> Given data

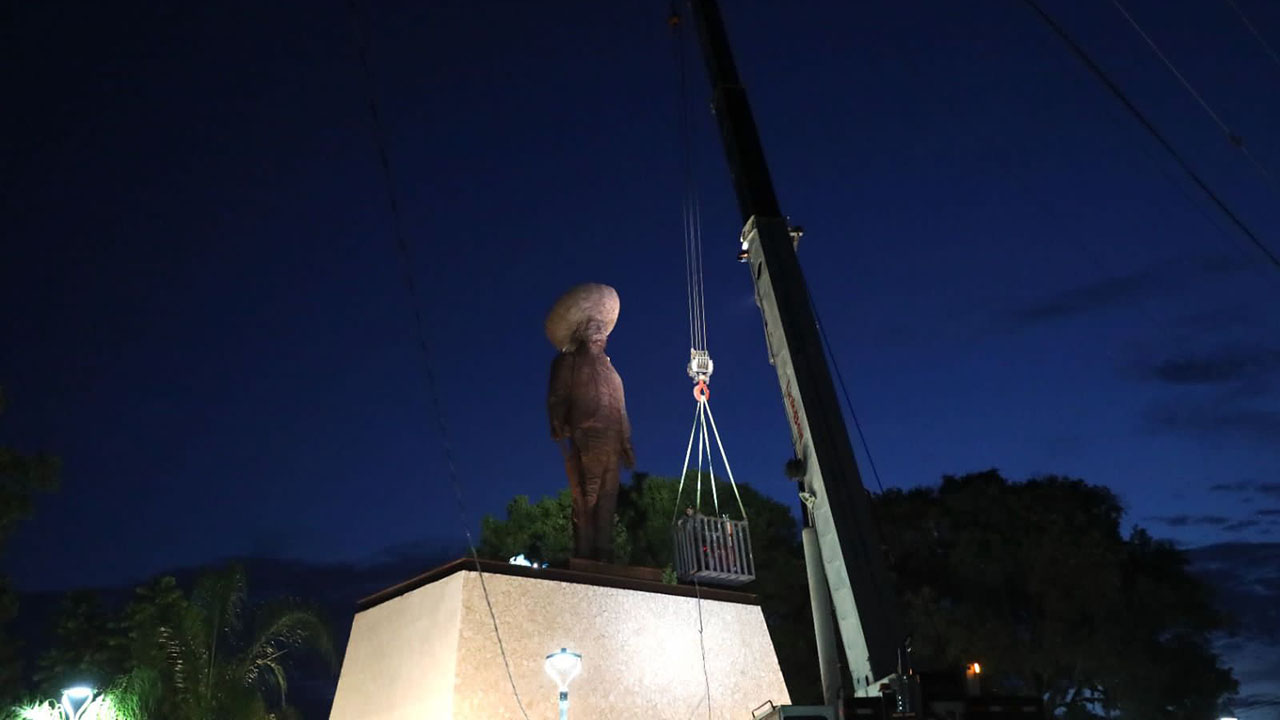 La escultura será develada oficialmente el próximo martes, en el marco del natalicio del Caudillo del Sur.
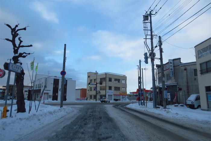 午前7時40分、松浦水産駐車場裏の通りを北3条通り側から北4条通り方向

---

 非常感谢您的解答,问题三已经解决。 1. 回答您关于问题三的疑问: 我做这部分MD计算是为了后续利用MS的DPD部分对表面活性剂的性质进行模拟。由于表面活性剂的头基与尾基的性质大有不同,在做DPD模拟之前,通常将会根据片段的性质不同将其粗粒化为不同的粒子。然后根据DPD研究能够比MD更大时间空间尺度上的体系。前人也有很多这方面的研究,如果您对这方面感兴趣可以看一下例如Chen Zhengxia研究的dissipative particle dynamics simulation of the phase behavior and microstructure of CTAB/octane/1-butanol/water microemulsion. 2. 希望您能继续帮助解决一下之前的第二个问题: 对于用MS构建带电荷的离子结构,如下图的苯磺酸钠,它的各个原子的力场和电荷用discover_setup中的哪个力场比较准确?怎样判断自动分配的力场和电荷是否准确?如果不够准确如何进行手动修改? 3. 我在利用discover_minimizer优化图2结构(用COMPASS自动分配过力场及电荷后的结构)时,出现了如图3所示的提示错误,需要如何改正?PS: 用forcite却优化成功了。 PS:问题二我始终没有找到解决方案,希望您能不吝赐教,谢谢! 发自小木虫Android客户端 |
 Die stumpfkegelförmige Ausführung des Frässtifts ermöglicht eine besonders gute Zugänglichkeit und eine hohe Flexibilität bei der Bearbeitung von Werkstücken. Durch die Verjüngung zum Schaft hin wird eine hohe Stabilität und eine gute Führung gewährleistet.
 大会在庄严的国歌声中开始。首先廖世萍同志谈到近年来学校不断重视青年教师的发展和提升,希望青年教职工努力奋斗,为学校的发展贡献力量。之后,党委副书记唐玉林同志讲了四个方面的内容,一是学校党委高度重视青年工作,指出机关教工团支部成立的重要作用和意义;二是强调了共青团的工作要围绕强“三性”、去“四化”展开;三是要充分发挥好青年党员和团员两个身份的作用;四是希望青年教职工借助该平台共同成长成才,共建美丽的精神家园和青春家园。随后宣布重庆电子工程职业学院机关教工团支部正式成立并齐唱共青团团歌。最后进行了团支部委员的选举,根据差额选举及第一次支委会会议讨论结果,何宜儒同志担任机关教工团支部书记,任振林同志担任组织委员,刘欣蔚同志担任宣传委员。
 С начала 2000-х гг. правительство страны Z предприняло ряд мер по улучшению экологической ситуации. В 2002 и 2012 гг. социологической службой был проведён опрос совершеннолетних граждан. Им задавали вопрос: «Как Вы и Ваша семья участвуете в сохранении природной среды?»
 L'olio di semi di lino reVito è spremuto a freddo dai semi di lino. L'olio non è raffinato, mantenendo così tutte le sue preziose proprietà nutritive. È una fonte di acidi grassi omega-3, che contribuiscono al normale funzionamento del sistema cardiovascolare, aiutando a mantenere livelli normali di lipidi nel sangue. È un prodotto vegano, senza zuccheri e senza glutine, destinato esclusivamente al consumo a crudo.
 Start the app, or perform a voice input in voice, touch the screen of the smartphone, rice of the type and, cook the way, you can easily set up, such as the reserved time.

> Problem requirements
Using the listing above, restate exactly the range between the lines holding "La escultura será" and "午前7時40分、松浦水産駐車場裏の通りを北3条通り側から北4条通り方向", inclusive, with pictures left out.

> Response area
 La escultura será develada oficialmente el próximo martes, en el marco del natalicio del Caudillo del Sur.
 午前7時40分、松浦水産駐車場裏の通りを北3条通り側から北4条通り方向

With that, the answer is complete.